[vox-tech] My wife's website
Alex Mandel
tech_dev at wildintellect.com
Fri Jan 12 08:46:48 PST 2018
On 01/12/2018 08:30 AM, Rick Moen wrote:
> Quoting Richard S. Crawford (richard at underpope.com):
>
>> That's what I was afraid of. Unfortunately I can't find the malware itself.
>
> https://codex.wordpress.org/FAQ_My_site_was_hacked
> http://www.wpbeginner.com/beginners-guide/beginners-step-step-guide-fixing-hacked-wordpress-site/
> https://sucuri.net/guides/how-to-clean-hacked-wordpress
>
> And I'll bet your wife doesn't have the ability to do a clean restore
> from backup, does she?
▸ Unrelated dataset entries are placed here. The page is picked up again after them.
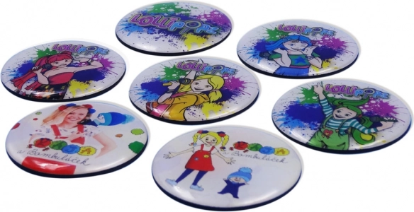 Stiilne ümmargune magnet motiiviga LOLLIPOPZ läbimõõduga 45 mm kaunistab iga külmkappi või magnettahvlit. Tänu tugevale magnetile hoiab kindlalt paigal nii teated kui fotod ning on saadaval 5 disaini segus, mis on täis värve. Suurepärane valik fännidele ja lastele alates 3. eluaastast.
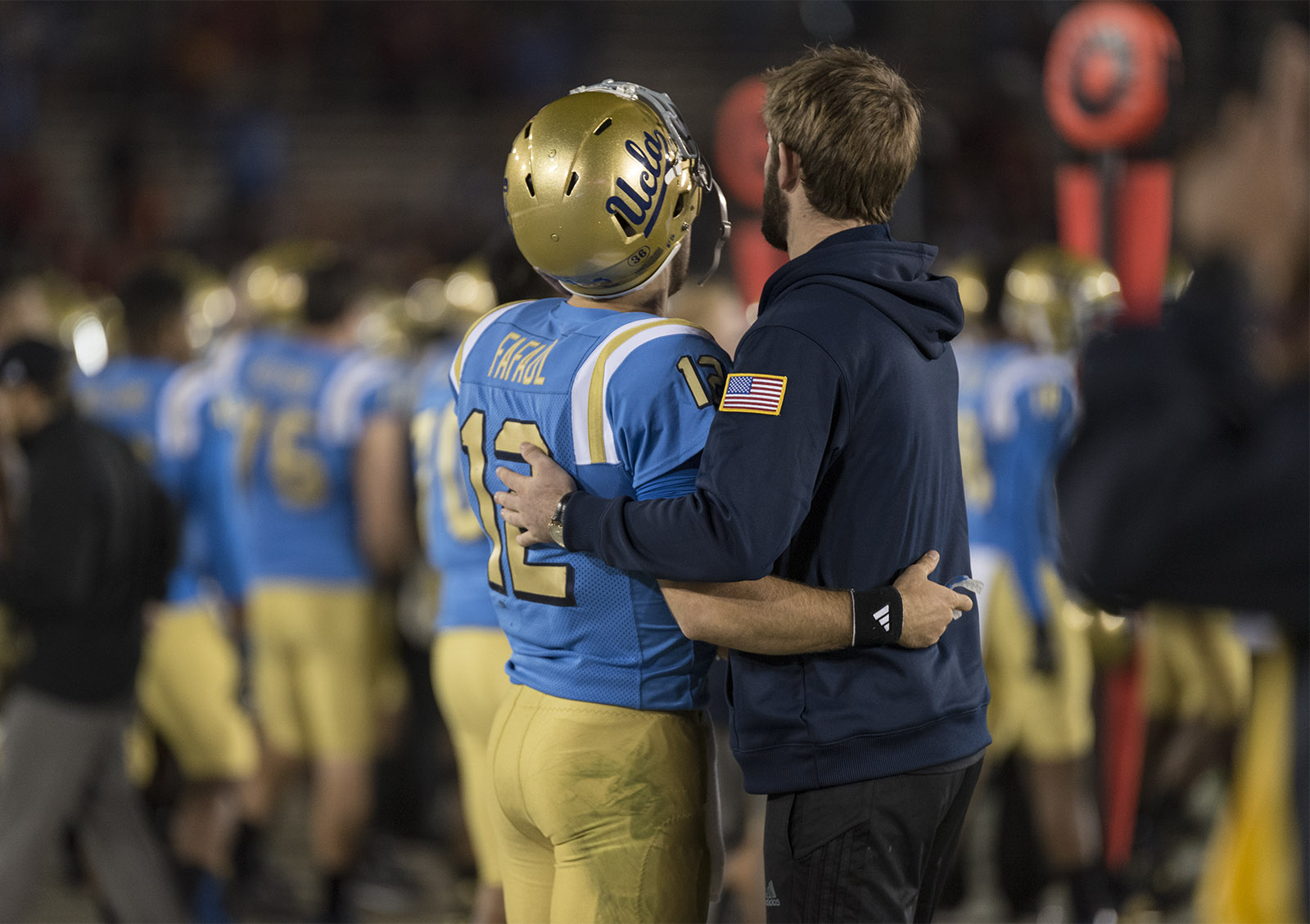 Former starting quarterback Josh Rosen consoled current quarterback Fafaul after the blowout loss against USC.
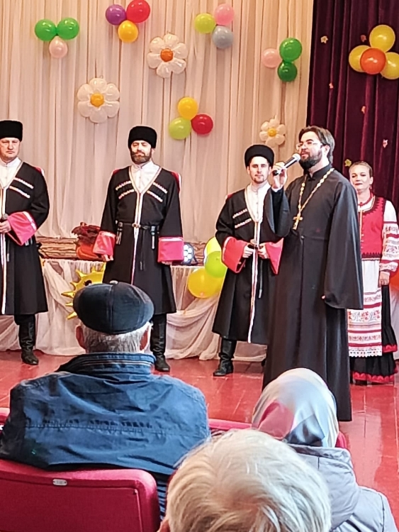 К поздравлениям также присоединился настоятель Митрофановского храма с.Панино иерей Иоанн Твердохлеб и сыграл вальс "Над волнами" на аккордеоне.
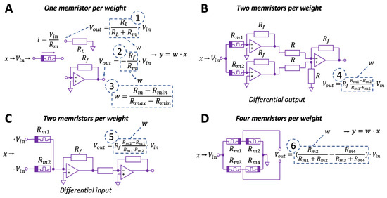 With this approach, only unipolar weights can be implemented, since the resistance cannot be negative. For bipolar weights, it is necessary to use circuits with two or, for example, four [75] memristors (Figure 4B–D). In the variants of circuits presented in Figure 4, the weights of the neuron synapses will already have bipolar values due to the difference in several resistances of the memristive devices. In the circuit in Figure 4B, this is achieved, in particular through the use of an additional differential amplifier, the output of which is the difference in voltage obtained by converting the current in each branch containing the memristor. In the circuit in Figure 4C, this is achieved by duplicating the inputs, one of which is inverse. In the circuit in Figure 4D, the output voltage is differentially taken from two voltage dividers formed by four memristors. The shape of the graph of the dependence of weight on resistance for the first case is hyperbolic, and for the second, it is linear.
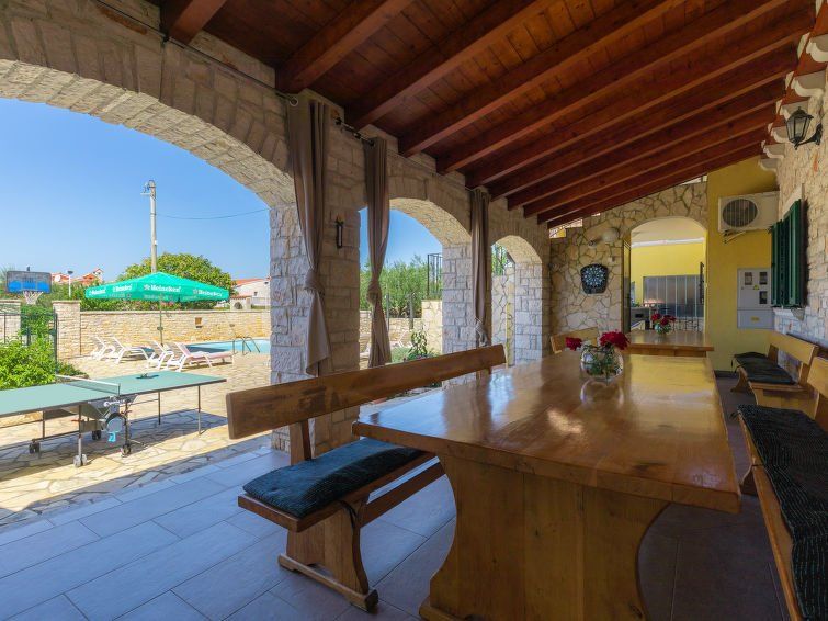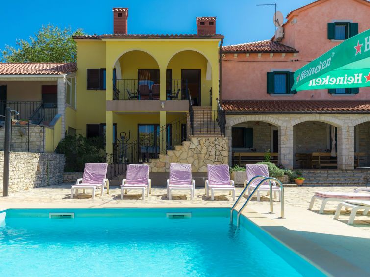 House located in a very quiet area, 7 minutes drive from the beach and restaurants. All apartments well equipped, including the right amount of dishes, coffee makers, hair dryers, dishwashers and washing machines. Bed linen and towels changed during your stay. Clean, pool cleaned regularly. Very nice host, always helpful and on site. From the minuses: quite far (about 12-15 minutes drive) to a larger store, not all bedrooms have air conditioning.
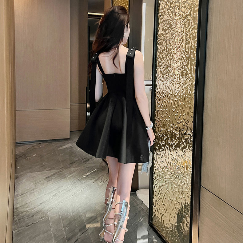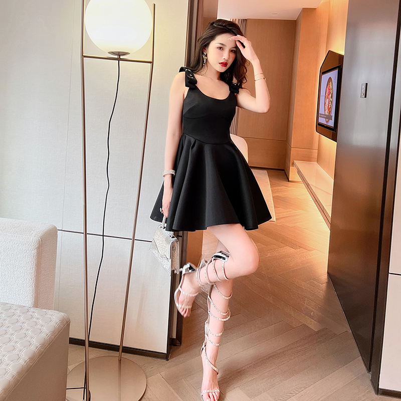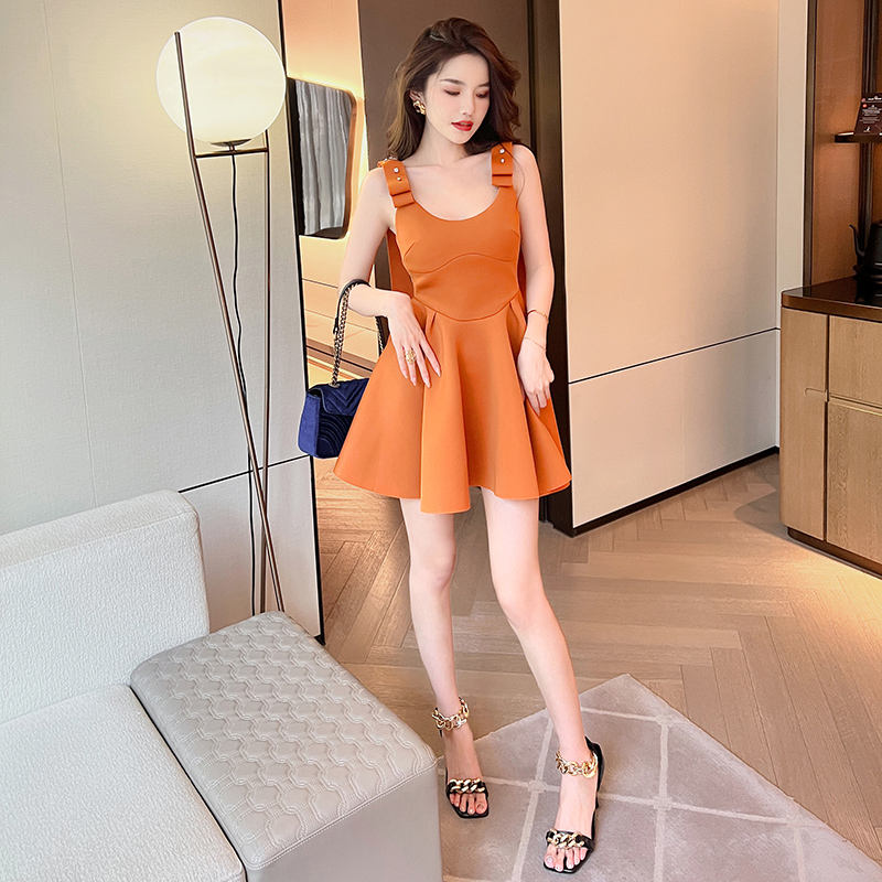 ZYHT 5854 Mini abito dolce senza maniche con cinturino largo arancione estivo Logo personalizzato abiti a vita alta con scollo a v

That would be among the very first things to
> fix, IMO.
>
> Personally, I find public-facing PHP and developed apps requiring it
> generally to be security-problematic and best avoided. But people do
> seem to love their WordPress anyway, which is why an entire hosting
> market niche has evolved around outsourcing WordPress security headaches
> to commercial outfits that charge a premium for compensating for the
> basic error or electing WordPress (WPengine, Bluehost, Dreamhost,
> Siteground, Cyon, Flywheel, Kinsta, Pantheon, 34sp.com, LiquidWeb,
> Mshini, SoHosted, TVC.net, Interserver, Pagely, GreenGeeks, Raidboxes,
> Savvii, RoseHosting, et alii).
>
> Problem: The software is ridiculously overbaroque, making debugging
> difficult, and is an ongoing security nightmare. Solution: Expect
> customers to spend hundreds of dollars a year extra on specialised
> security-mitigation services. It's a natural!
>
I outsource to Wordpress.com, just pay the $15 a year to use a custom
domain. I figure if the main vendor behind the software can't keep it
patched and safe, no one can.
Note, reducing plugins to bare minimum and allowing wordpress to
auto-update patches can do a lot to minimize the threat.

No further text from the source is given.